─── DATA SHOWN

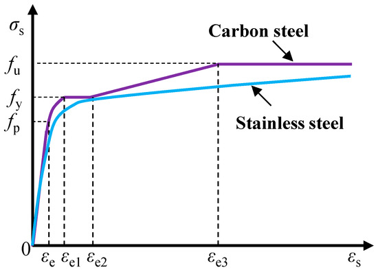 As for the stainless steel in Figure 3, it usually has a strong nonlinear stress–strain relationship; therefore, the method proposed by Rasmussen was herein adopted to simulate the outer austenitic stainless steel tube [41]:
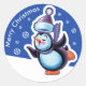 Patinage rond de pingouin d'autocollant de bleu de cobalt de Noël et tout autre Snowfolk.
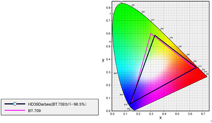 放送業界やBlu-rayなどハイビジョン映像で、色域の標準規格としている「BT.709」の色域を約97%カバーし、豊富な色再現を可能にしました。
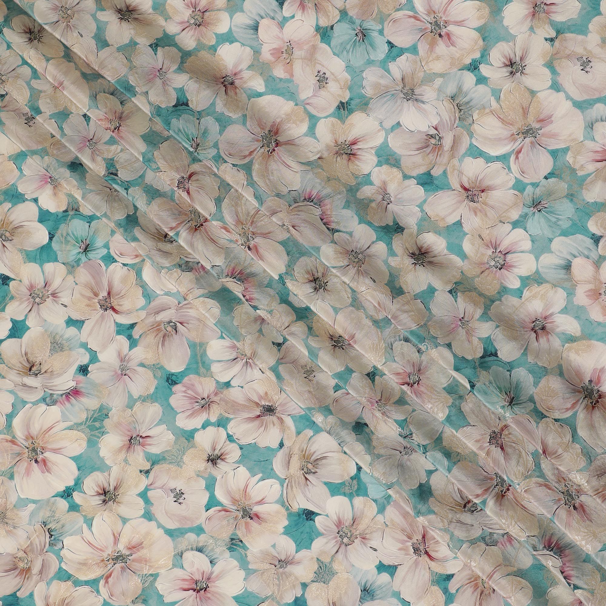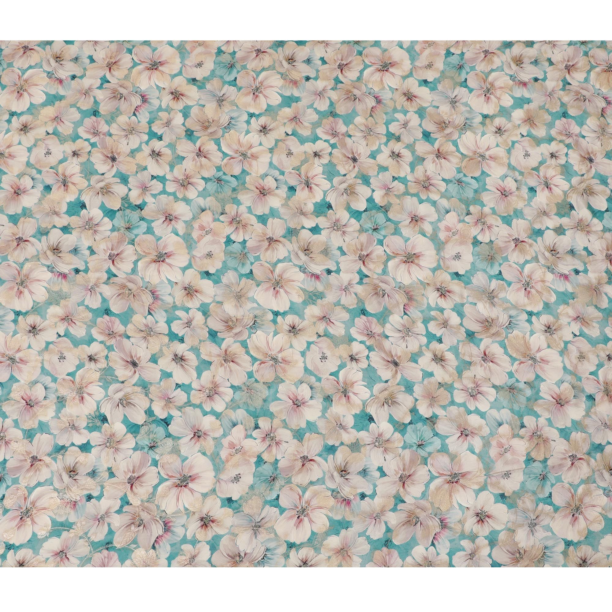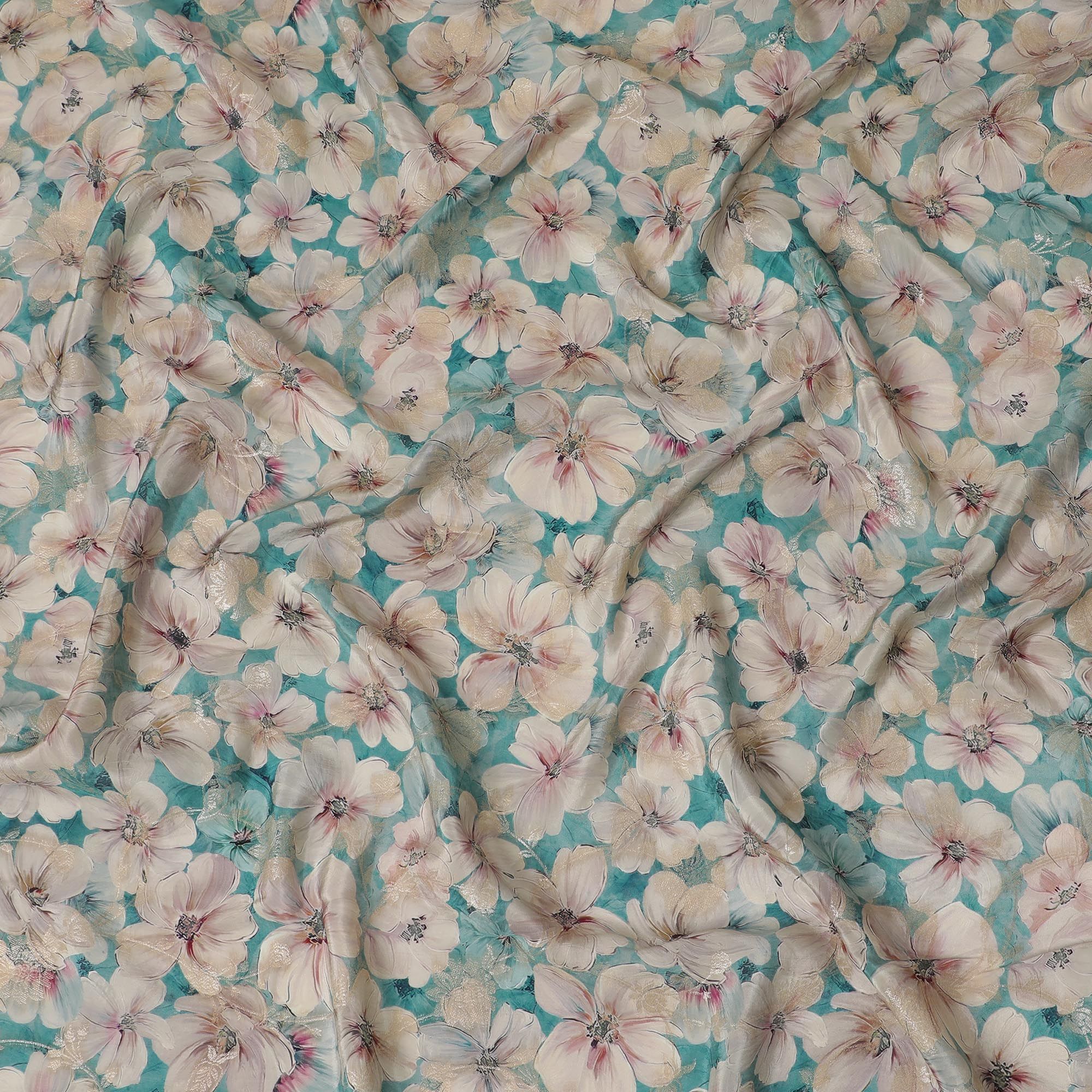 Aquatic Serenity Viscose Crepe Fabric - Soft Floral Print, Premium Indian Craftsmanship, 110cm Wide-D18723

──────

> [WHAT THE TASK ASKS] Write the listing out in full, exactly; no images.

> [ANSWER BOX]
 As for the stainless steel in Figure 3, it usually has a strong nonlinear stress–strain relationship; therefore, the method proposed by Rasmussen was herein adopted to simulate the outer austenitic stainless steel tube [41]:
 Patinage rond de pingouin d'autocollant de bleu de cobalt de Noël et tout autre Snowfolk.
 放送業界やBlu-rayなどハイビジョン映像で、色域の標準規格としている「BT.709」の色域を約97%カバーし、豊富な色再現を可能にしました。
 Aquatic Serenity Viscose Crepe Fabric - Soft Floral Print, Premium Indian Craftsmanship, 110cm Wide-D18723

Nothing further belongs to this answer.